Being long SPY would have left us with $15,468, so this strategy is pretty bad.
However, we arbitrarily chose `n_param=30`

.
Let’s see what parameter does best on the training dataset.
Here is the result of the trading strategy above for `n_param`

in the range [0, 500), sampled every 10 numbers.
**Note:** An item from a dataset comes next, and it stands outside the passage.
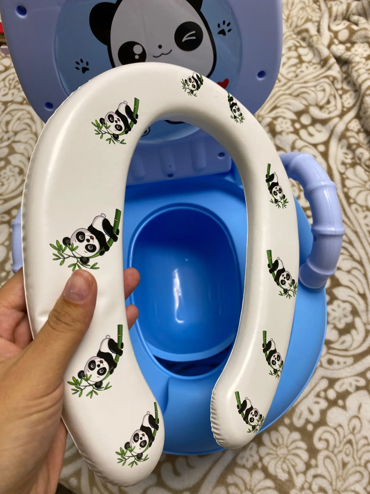 Товар пришёл быстро, весь целый, без царапин и сколов. С продавцом не общалась не было необходимости. Упакован товар не особо хорошо, в одной коробке, и пакете, это минус. Сидулька мягкая, прорезиненная , моется легко, рисунки не стёрлись, запаха нет. Рекомендую.
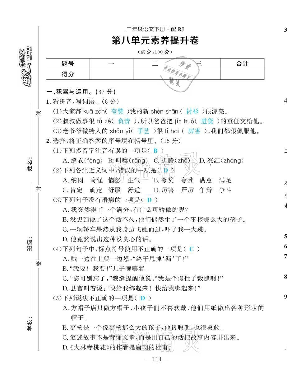 注:目前有些书本章节名称可能整理的还不是很完善,但都是按照顺序排列的,请同学们按照顺序仔细查找。练习册 2021年小学生1课3练培优作业本三年级语文下册人教版 答案主要是用来给同学们做完题方便对答案用的,请勿直接抄袭。

*Cash after trading versus different MA parameters*

We can see that around `n_param=370`

is the best parameter for our training dataset.
Let’s use this parameter on the test dataset and see how it does.

*MA vs. long SPY returns*

As we can see, the MA strategy does worse than being long SPY. It also looks like there is more variance in returns. This probably has to do with the fact that our test data is from 2013-2020, which was a bull market. Thus, our MA strategy is mostly long and doesn’t differentiate itself from the baseline strategy very much.
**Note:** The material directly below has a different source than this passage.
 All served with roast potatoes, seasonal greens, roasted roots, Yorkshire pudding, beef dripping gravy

##Exponential Moving Average The idea behind EMA is that more recent data has a higher weight than old data. EMA takes a smoothing parameter $\alpha$ The formula for the EMA of a time series with prices $(p_1,p_2,…)$ is:

$$ EMA_t = \alpha * p_t + (1 - \alpha) * EMA_{t-1} $$ for $t > 1$. Also, $$ EMA_1 = p_1. $$ Expanding this equation, we get $$ \begin{eqnarray} EMA_t &=&\alpha *[p_t + (1 - \alpha) *p_{t-1} + (1 - \alpha)^2 *p_{t-2} +…]\\ &=&\alpha *\sum_i (1 - \alpha)^i *p_{t-i}. \end{eqnarray} $$ Therefore, we can see that points further back in time are weighted less. Here is the code to generate the EMA from our data:

```
ema = [dataset['Open'].iloc[0]]
for i in range(1, len(dataset)):
mult = 2 / (n_param + 1)
prev_ema = ema[i - 1]
ema.append(mult * (dataset['Open'].iloc[i] - prev_ema) + prev_ema)
dataset['EMA'] = np.array(ema)
dataset['EMA'] = dataset['EMA'].dropna()
```

Let’s compare the EMA to the simple MA.

```
fig = plt.gcf()
fig.set_size_inches(10, 5)
r = range(0, 400)
plt.plot(dataset['Datetime'].iloc[r], dataset['MA'].iloc[r], label='MA')
plt.plot(dataset['Datetime'].iloc[r], dataset['EMA'].iloc[r], label='EMA')
plt.plot(dataset['Datetime'].iloc[r], dataset['Open'].iloc[r], label='Open Price')
plt.title('SPY Open Prices')
plt.xlabel('Time')
plt.ylabel('Price')
plt.legend()
plt.grid()
plt.show()
```

*EMA and MA (n=30) for subset of SPY data*

Conducting the same analysis as the simple MA, we see that we maximize return on the training dataset when `n_param=370`

. Similar to the MA, however, when we run the mean reversion strategy on the test dataset, it performs slightly worse than simply being long SPY.

## Conclusion

We can see that trading using this methods does not yield any edge. This is expected however, as these models are very simple and don’t take into account any information besides the price of SPY. I hope that the analysis is interesting and that this post clearly shows how to build and test simple models.